February 5: In 1897, the Indiana General Assembly voted to discard the conventional mathematical value of pi as "wholly wanting and misleading" and to adopt instead the incoherent calculations offered by a crank mathematician "as a contribution to education to be used only by the State of Indiana free of cost by paying any royalties whatever on the same." The Indiana Senate, however, wisely declined to follow the Assembly's lead and postponed consideration of the bill indefinitely on February 12.

February 6: Feastday of St. Amand. A missionary during the Merovingian era, St. Amand spent so much time evangelizing in wine-producing regions that he was adopted as the patron saint of wine merchants and the wine trade.

Drink wine, and you will sleep well. Sleep, and you will not sin. Avoid sin, and you will be saved.  Ergo, drink wine and be saved. Medieval German saying.   A cask of wine works more miracles than a church full of saints. - Italian proverb.

February 8: In 1692 a doctor declared Abigail Williams and Betty Parris of Salem, Massachusetts, to be "under an evil hand," precipitating a flurry of accusations leading to the Salem Witch Trials.

February 12: Lincoln's Birthday (Connecticut, Illinois, Missouri, New Jersey, and New York). President Abraham Lincoln was born on February 12, 1809 (the same month, day, and year, incidentally, as Charles Darwin). Although additional states previously designated the day a holiday, some chose to amalgamate it with the federal observance of Washington's Birthday, after the Monday Holidays Act of 1968 moved the latter to the third Monday of the month.

February 14: St. Valentine's Day. A third-century Roman martyr, St. Valentine is the patron saint of love and happy marriages, and people have been using his feastday to send missives to the objects of their affection since a very early date.

Happy Valentine's Day (assuming you go in for that sort of thing)!   Have a Happy Valentine's Day mercifully free of swine fever!

February 15: The last Soviet soldier left Afghanistan in 1989, ending a disastrous nine-year occupation.

February 17: The CSS H. L. Hunley became the first submarine to sink an opposing vessel, when it torpedoed the USS Housatonic outside Charleston Harbor in 1864.

February 21: Washington's Birthday (U.S., observed). George Washington was actually born on February 22, 1732 (February 11, 1731, Old Style). Congress officially declared the anniversary of his birth a federal holiday in 1885. As a result of the Monday Holidays Act of 1968, however, Washington's Birthday is now observed on the third Monday of the month. In many states the holiday is celebrated as "Presidents' Day."

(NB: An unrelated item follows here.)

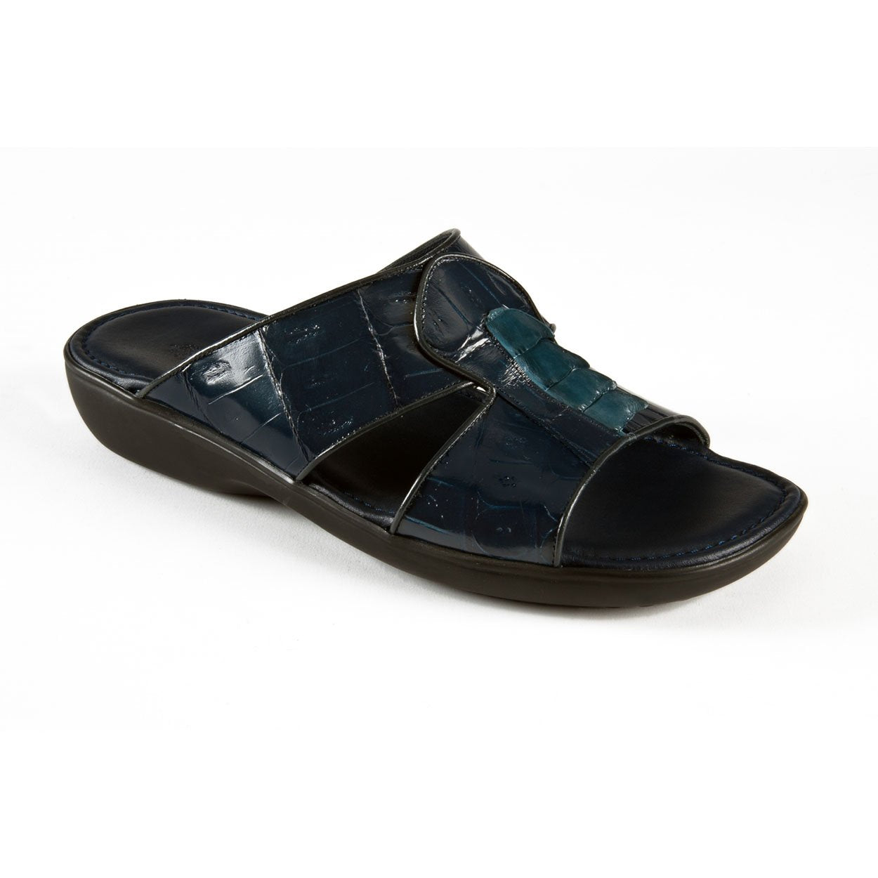 - Mauri Men's Designer Shoes Wonder Blue / Carribean Blue Exotic Caiman Crocodile / Hornback Casual Sandals 5054 (MAO1056)

February 22: Eugene Vidal, U.S. Director of Air Commerce, issued an order in 1935 prohibiting aircraft from flying over the White House and the surrounding area, for reasons both of security and noise pollution.

February 23: "The fetters imposed on liberty at home have ever been forged out of the weapons provided for defense against real, pretended, or imaginary dangers from abroad." James Madison, 1799.

February 24: The Drury Lane Theatre in London burned down in 1809. Being found outside calmly drinking a glass of wine, the owner, playwright Richard Brinsley Sheridan, observed: "A man may surely be allowed to take a glass of wine by his own fireside."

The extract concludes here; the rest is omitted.